Ukraine’s Verkhovna Rada has adopted bill No. 2493on joint stock companies, which proposes to allow companies to choose a corporate governance model and, along with the current two-tier corporate governance system, introduces a single-level one.
An Interfax-Ukraine correspondent reported that the bill at first reading was supported by 270 MPs with the required 226 supportive votes.
“This law brings the legislation into line with the requirements of reality. The general meetings are being improved: it is envisaged that they can be held in electronic form. A corporate affairs adviser is being introduced to help shareholders. The legal status of the corporate secretary has been settled. Today he or she may be appointed by the supervisory board of the company, but his or her status is not regulated,” Head of the parliamentary committee on finance, tax and customs policy Danylo Hetmantsev said from the rostrum of the parliament.
At the same time, one of the main innovations of the bill is to strengthen the protection of minority shareholders, one of the authors of the bill, MP from the Servant of the People parliamentary faction Roksolana Pidlasa said.
“Today, the majority of the rights of the world’s shareholders appear only if the share of their stockholding reaches 10%,” she said.

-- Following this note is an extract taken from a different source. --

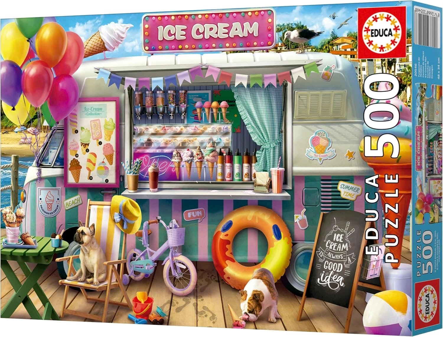 Uživajte v trenutkih sprostitve s kakovostnimi sestavljankami EDUCA. Z motivom sladolednega vozila in 500 kosi ponuja idealen izziv za otroke in odrasle. Del pakiranja je LEPILO BREZPLAČNO za enostavno fiksiranje končne slike v velikosti 48 × 34 cm.
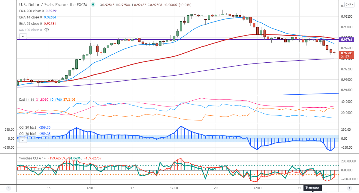 The pair has halted its three weeks of the bullish trend and shown a minor decline on board-based Swiss franc buying. Markets eye the US fed monetary policy for further direction. The US dollar index lost more than 30 pips from the minor top 93.45. At the time of writing, USDCHF is hovering around 0.92526 down -0.21%.

According to the explanatory note to the bill, the bill also brings the rules on the representation of shareholders in accordance with EU law, in particular, Directive 2007/36/EC of the European Parliament and of the Council of July 11, 2007 on the exercise of certain rights of shareholders in listed companies, and also harmonizes legislation on mergers, acquisitions and divisions of JSC with Directive 2017/1132/EC.